Глава первая

Буря — птичья стая высоко в ночи, белая стая, которая, с шумом приблизившись, неожиданно обернулась верхушкой исполинского вала, налетевшего на корабль. Буря — крики и стоны во тьме под палубой и кислая вонь блевотины. И еще — пес, обезумевший средь опрокидывающихся водяных гребней и порвавший сухожилия одному из матросов. Рана окуталась пеной. Буря, путь в Томы. Хотя Котта и днем, во все более дальних закоулках корабля, пытался бежать от своей беды в беспамятство или, по крайней мере, в сны, он глаз не смыкал ни в Эгейском, ни в Черном морях. Едва лишь изнеможение начинало внушать надежду на сон, он затыкал уши воском, завязывал глаза синим шерстяным шарфом, ложился и считал свои вдохи и выдохи. Но штормовые волны поднимали его, и корабль, и весь мир высоко над соленою пеной пути, одно летучее мгновенье держали все на весу, а затем вновь роняли мир, корабль и его, изнемогшего, в водный провал, в бодрствование и страх. Никто не спал.

Семнадцать мучительных дней пережил Котта на борту «Тривии». А когда он апрельским утром наконец покинул шхуну и, стоя на пристани, до блеска отмытой волнами прибоя, повернулся к стенам Томов, обомшелым стенам у подножия береговых круч, его так зашатало, что двое матросов, смеясь, подхватили его под руки и довели до кучи драного такелажа возле конторы портового смотрителя.
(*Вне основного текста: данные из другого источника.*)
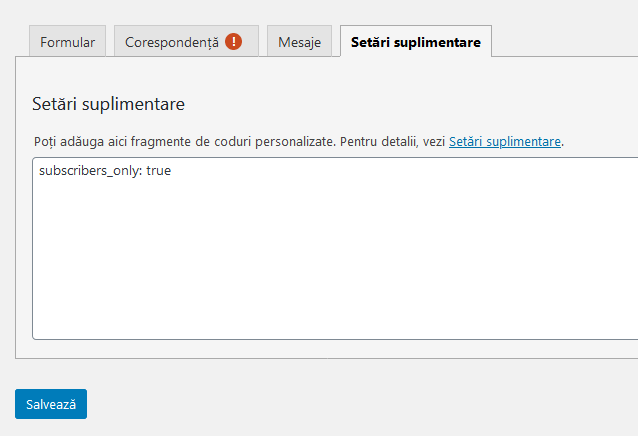 Ultimul tab – Setări suplimentare, este utilizat pentru a insera diferite fragmente de cod cu diverse acțiuni. În imaginea de mai jos am introdus un fragment de cod ce permite ca numai utilizatorii care au un cont pe site și sunt autentificați, să poată completa formularul.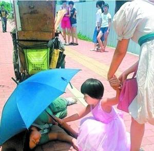 昨天,媒体报道了这样一则让人五味杂陈的新闻:一个环卫工昏倒在地,路人观望不敢上前,只有一名小女孩蹲下为她撑伞,在孩子的感召下,两名路人终于出手相救。新闻甫一传开,瞬间搅动全城舆论,有关社会冷漠的反思再次重击世道人心。
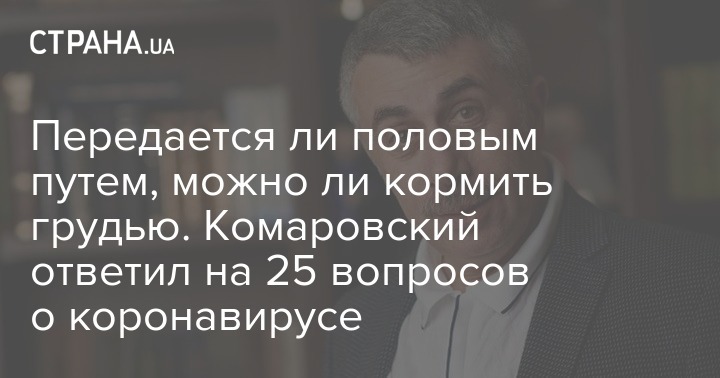 Известный украинский врач Евгений Комаровский ответил на 25 вопросов о коронавирусе, которые он получил от своих подписчиков. Видео опубликовано на youtube-канале "Доктор Комаровский".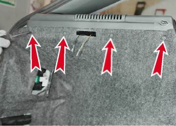 При снятии левого фонаря снимаем плафон освещения багажного отделения (см. "Плафон освещения багажного отделения - снятие и установка, замена лампы"). 3. Отворачиваем шесть саморезов крепления верхнего края обивки боковины багажника (один саморез ввернут в пластмассовую облицовку задней панели) и отодвигаем верхнюю часть обивки багажного отделения.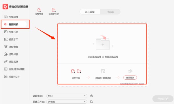 Step1:打开嗨格式视频转换器软件,点击页面中的“音频转换”板块,接着按照文字指示,通过点击或直接拖拽的方式,添加所需进行格式转换的OGG音频文件至图标所示处。它支持OGG、M4A、FLAC等多种音频格式的无损转换,能够满足用户多样化的需求。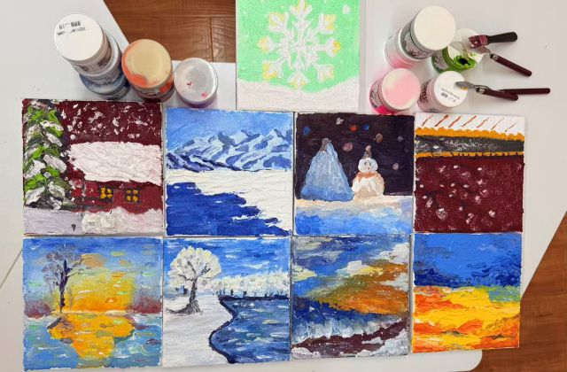原本平整的画布,渐渐“长”出了立体的温度:故宫的墙是深红的暖,木屋的窗户是橘红细砂的暖,杉树倒映的影子,是颜料轻扫出的软绵纹路。细节的点睛,让小画有了故事性:第一幅雪屋的窗棂点上暖黄,像是透出灯光的烟火气;雪人旁的尖顶帐篷,暗合“冬日露营”的松弛想象。每一笔点涂都带着心跳的节奏——粗砂是青春的莽撞,细砂是少年的温柔,那些藏在落日、雪地里的细碎欢喜,都顺着肌理的起伏,成了画里的“可触摸的风景”。待颜料半干时,画布上的风景已经活了:指尖触到的雪花有冬的清冽,摸到的城墙带着风的糙,连窗棂的光斑都裹着火炉的暖。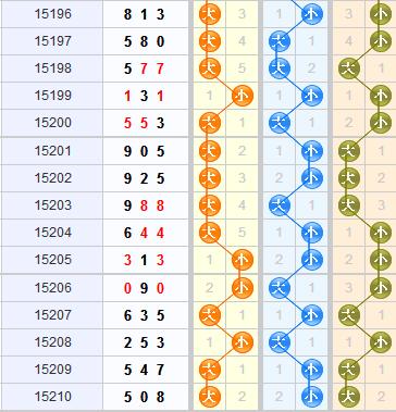 个位:个位上期开出了大数,连续开出了2期大数,本期开出大数和小数的可能性都存在,两者都可防一下;

Там Котта лежал среди запахов рыбы и смолы, пытаясь унять море, все еще бушевавшее у него внутри. По пристани катились заплесневелые апельсины из груза «Тривии» — память о садах Италии. Утро было холодное, без солнца. Черное море лениво набегало на Томский мыс, разбивалось о рифы или гулко ударяло в отвесно встающие из воды скалы. В иных бухточках прибой выбрасывал на берег покрытые мусором и птичьим пометом льдины. Котта лежал, и смотрел, и не пошевелился, когда тощий мул принялся жевать его пальто. Мало-помалу море внутри успокаивалось, волны опадали одна за другой, и его сморил сон. Он добрался до цели.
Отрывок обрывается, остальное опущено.